**About this task:**
Starting with the line below that holds "Толстовка имеет удобную" and stopping after the line that holds "춤추는 체인지업과 패스트볼조합만으로도", transcribe the lines exactly, leaving out all pictures.

[Extracted data entries]

══════

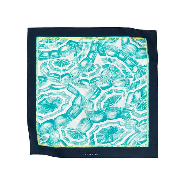 O Mini Lenço La Fontelina é elegante e esbanja beleza com seus ricos detalhes desenhados à mão na cor azul esmeralda acompanhado de uma sutil moldura amarela, revela todo o requinte e vida artística que faz lembrar os guarda-sóis listrados que é um ícone desse local paradisíaco.
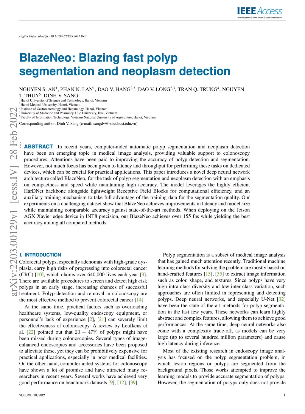 BlazeNeo: Blazing fast polyp segmentation and neoplasm detection
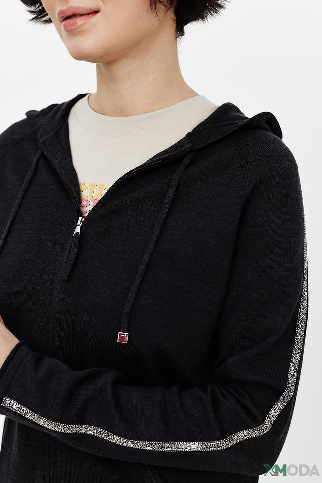Толстовка имеет удобную молнию, капюшон и карманы. Декоративная полоска с блестящими нитями на рукавах придает образу изысканность и оригинальность.
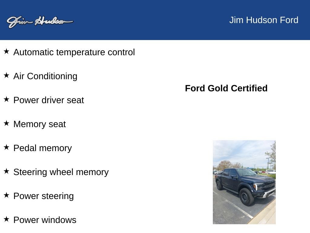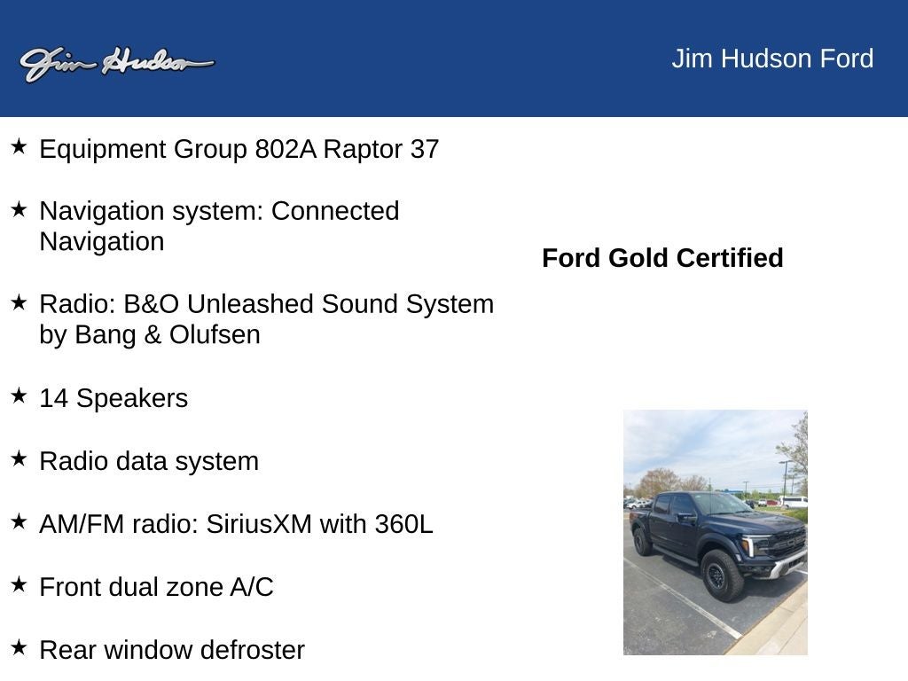 2025 Ford F-150 Raptor 4WD, 14 Speakers, Air Conditioning, AM/FM radio: SiriusXM with 360L, Automatic temperature control, Carbon Fiber Interior Appliques, Dual Valve Shocks, Equipment Group 802A Raptor 37, Front dual zone A/C, Heads-Up Display, Memory seat, Modular Front Bumper, Navigation system: Connected Navigation, Pedal memory, Power driver seat, Power steering, Power windows, Radio data system, Radio: B&O Unleashed Sound System by Bang & Olufsen, Rear window defroster, RECARO Alcantara Suede Front Seats, Remote keyless entry, Steering wheel memory, Steering wheel mounted audio controls, SYNC 4 w/Enhanced Voice Recognition, Twin Panel Moonroof, Wheels: Raptor 37 Unique 17 Cast Aluminum.
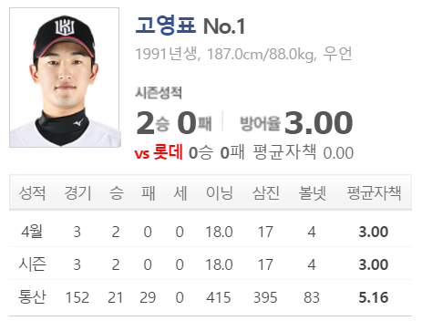 춤추는 체인지업과 패스트볼조합만으로도 상대 타선을 완벽하게 틀어막는다. 더이상 말이 필요없는 투수가 되었다. 믿기지 않는다면 지난 경기 영상을 찾아보시라. 평균적으로 한이닝 정도만 더막아준다면 더할나위없이 완벽한 국가대표용 투수라고 할 정도다. 롯데의 불붙은 타선을 잠재울 고영표의 등판이다. 그동안 KT는 박세웅에게 얼마나 많은 점수를 뽑아낼수있을까? 또 고영표가 내려간이후의 KT불펜과의 온도차는 얼마나 클지?
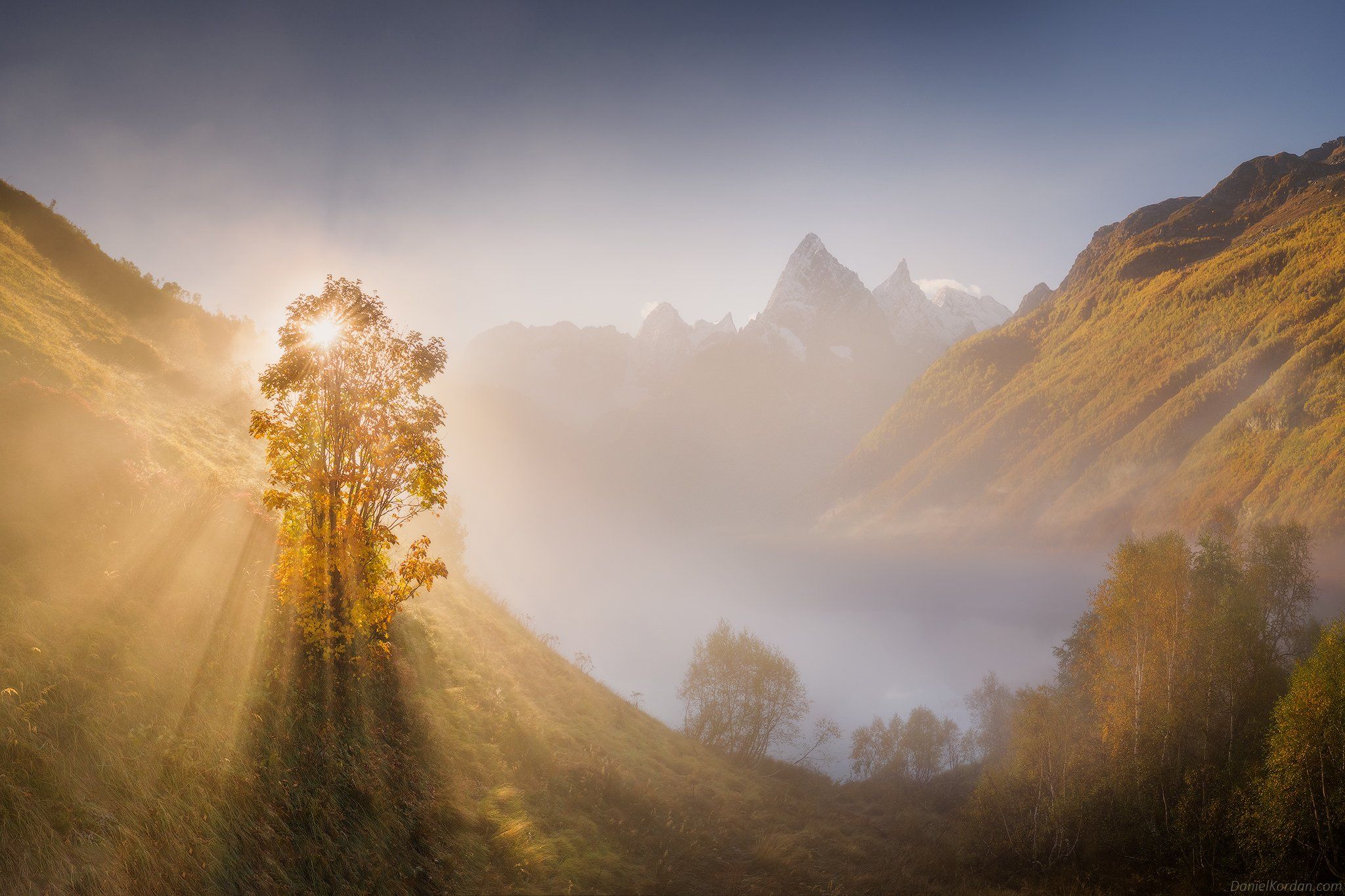 На рассвете в долине Туманлы-Кель солнце пробивается сквозь плотный туман, создавая эффект божественного сияния. Одинокое дерево на склоне становится центром композиции, подчеркивая масштаб и гармонию горного ландшафта. Вдали — острые пики Кавказа, окутанные дымкой. Фотограф Даниил Коржонов запечатлел мгновение, когда природа раскрывается во всей своей первозданной красоте.
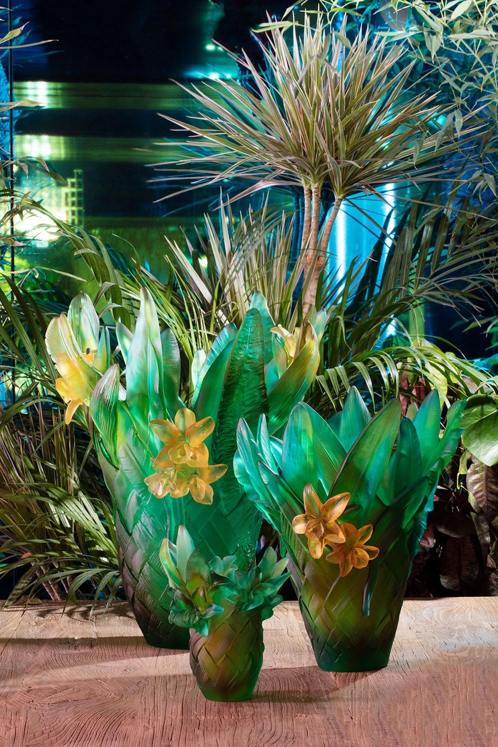 Evoking feelings of Indonesian and Caribbean tones, the Tressage vase from Daum begins with beautiful basketwork before exploding in a riot of fauna.
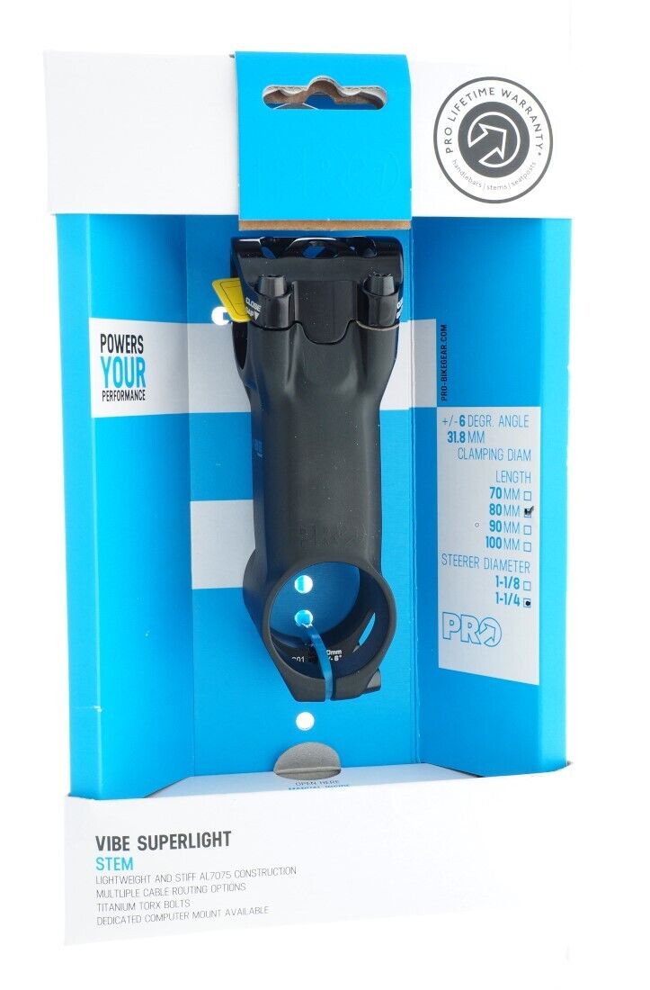 Shimano PRO VIBE Super Light Alloy Road Bike Stem +/-6° Black 1-1/4" 31.8 x 80mm
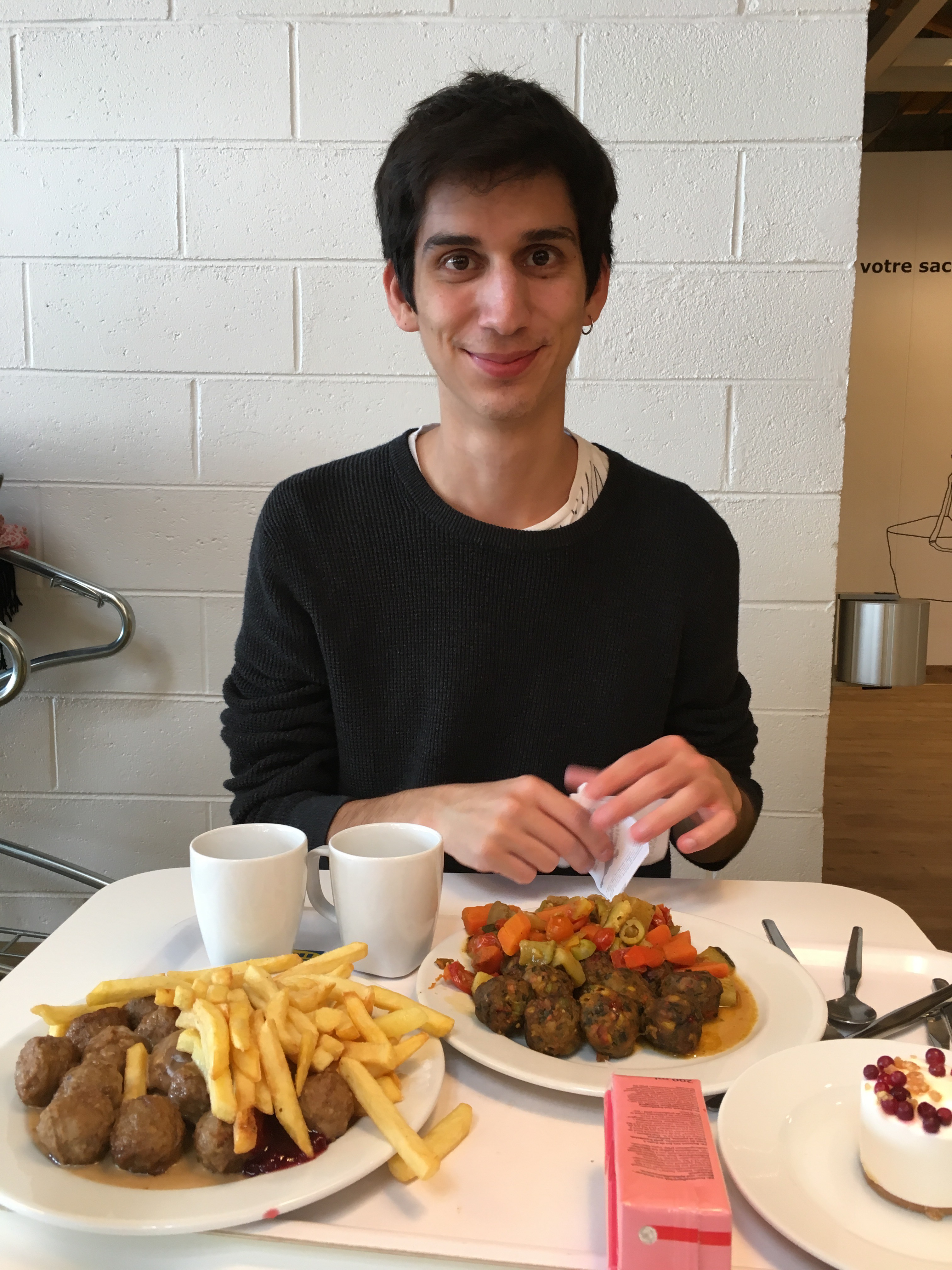 Ayer decidimos partir a Ikea en el bus gratuito que sale los miércoles, sábados y domingo. Nos costó levantarnos porque nos dormimos tarde pero lo logramos: tomamos el primer bus!Llegamos como en 15 minutos porque a esa hora no había taco y sin cachar mucho llegamos al «casino» y tomamos desayuno (de nuevo) por un euro! (Compramos tres barras de chocolate también y nos cobraron solo dos).
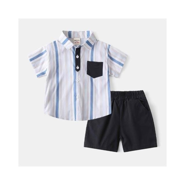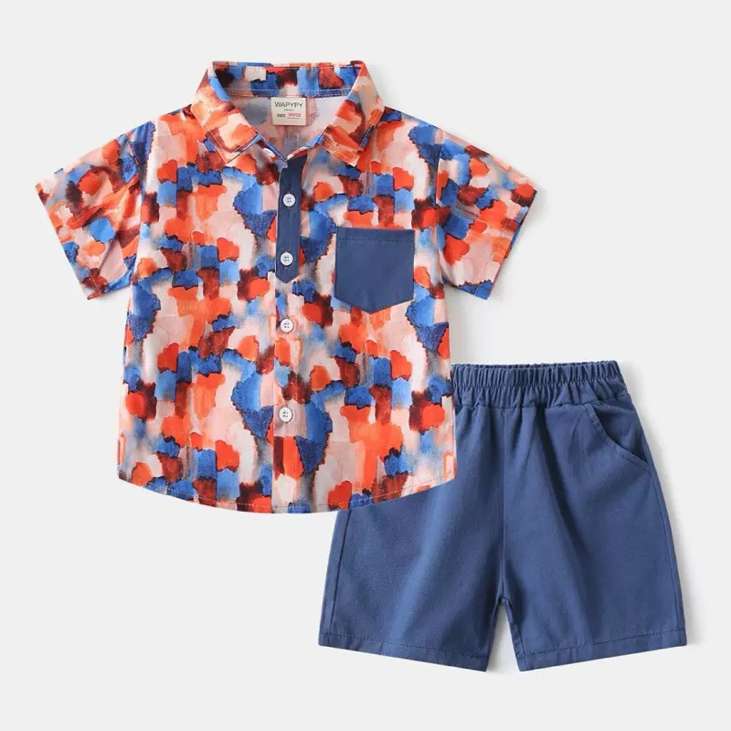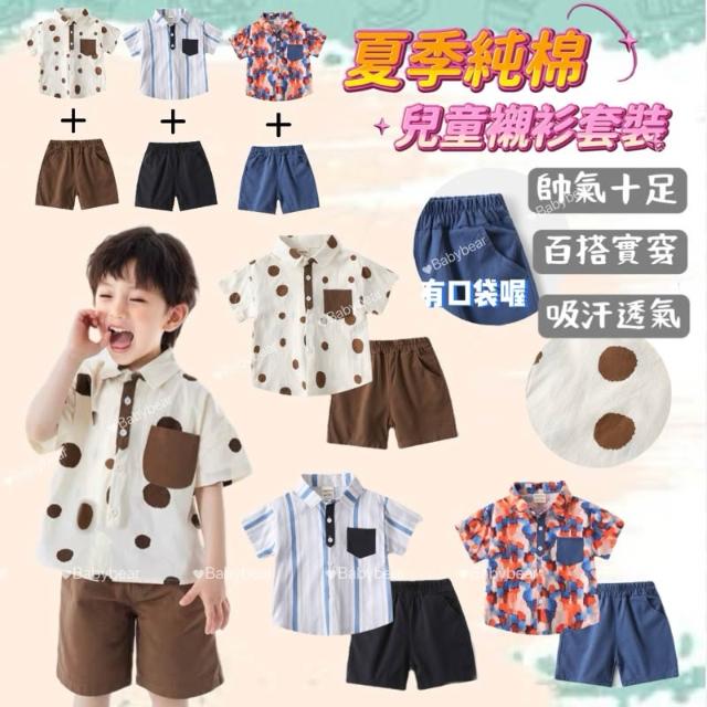 童裝 兒童純棉套裝 日系印花套裝 男童翻領上衣 渡假風襯衫
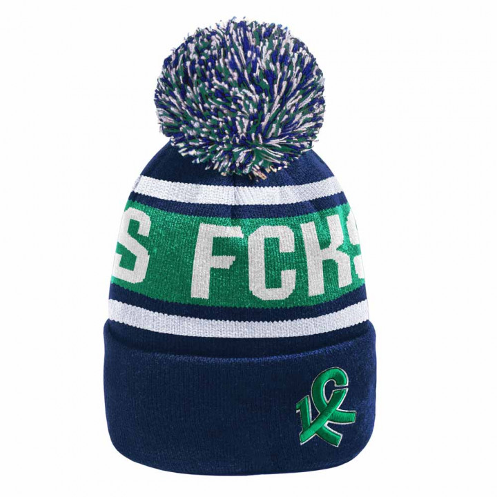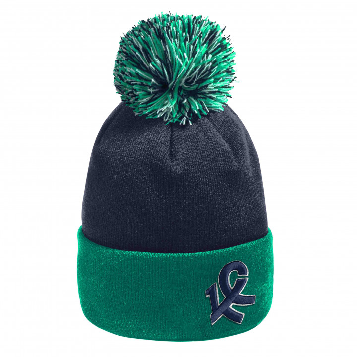 Шапка детская КС синяя с зеленым отворотом и помпоном
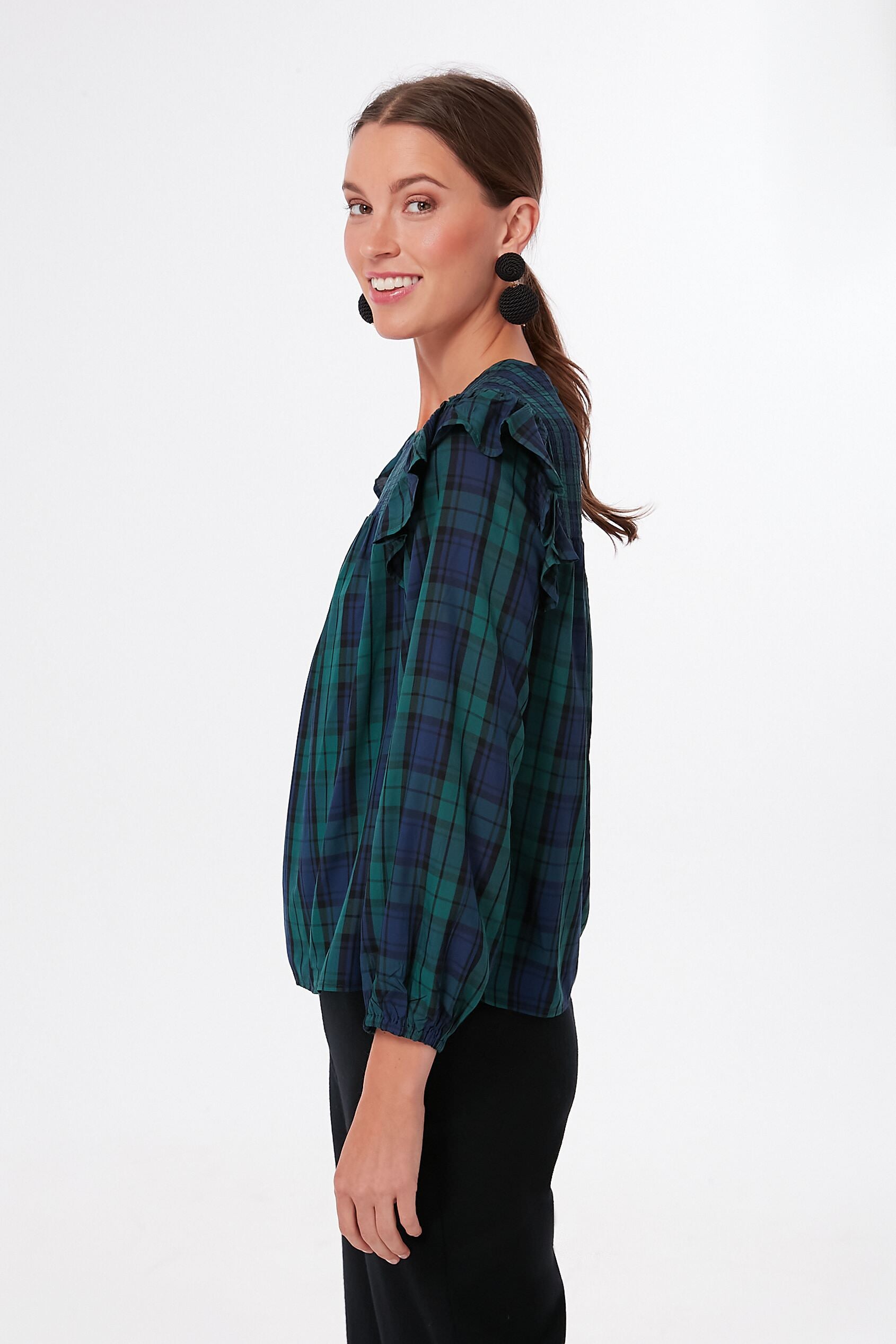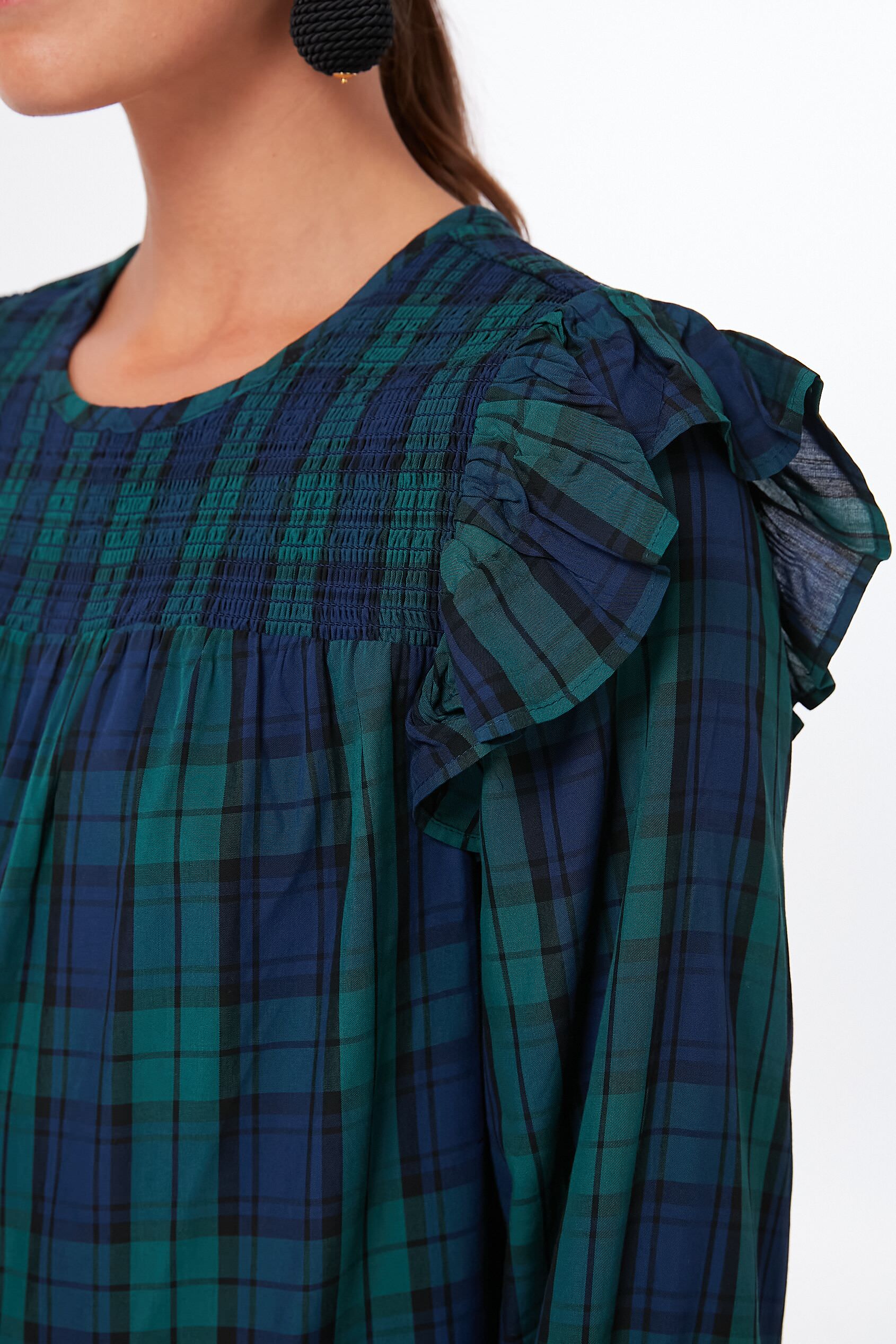 The Charleston Green Blackwatch Long Sleeve Popover aims to make festive holiday dressing easy. This sophisticated and timeless silhouette features chic blouson sleeves. a smocked yoke. and ruffle trim in an all-over plaid print you are sure to love. Style with dark denim and statement earrings for the office holiday party. or with a mini skirt and party heels to stand under the mistletoe.

══════

**Exercise solution:**
Толстовка имеет удобную молнию, капюшон и карманы. Декоративная полоска с блестящими нитями на рукавах придает образу изысканность и оригинальность.
 2025 Ford F-150 Raptor 4WD, 14 Speakers, Air Conditioning, AM/FM radio: SiriusXM with 360L, Automatic temperature control, Carbon Fiber Interior Appliques, Dual Valve Shocks, Equipment Group 802A Raptor 37, Front dual zone A/C, Heads-Up Display, Memory seat, Modular Front Bumper, Navigation system: Connected Navigation, Pedal memory, Power driver seat, Power steering, Power windows, Radio data system, Radio: B&O Unleashed Sound System by Bang & Olufsen, Rear window defroster, RECARO Alcantara Suede Front Seats, Remote keyless entry, Steering wheel memory, Steering wheel mounted audio controls, SYNC 4 w/Enhanced Voice Recognition, Twin Panel Moonroof, Wheels: Raptor 37 Unique 17 Cast Aluminum.
 춤추는 체인지업과 패스트볼조합만으로도 상대 타선을 완벽하게 틀어막는다. 더이상 말이 필요없는 투수가 되었다. 믿기지 않는다면 지난 경기 영상을 찾아보시라. 평균적으로 한이닝 정도만 더막아준다면 더할나위없이 완벽한 국가대표용 투수라고 할 정도다. 롯데의 불붙은 타선을 잠재울 고영표의 등판이다. 그동안 KT는 박세웅에게 얼마나 많은 점수를 뽑아낼수있을까? 또 고영표가 내려간이후의 KT불펜과의 온도차는 얼마나 클지?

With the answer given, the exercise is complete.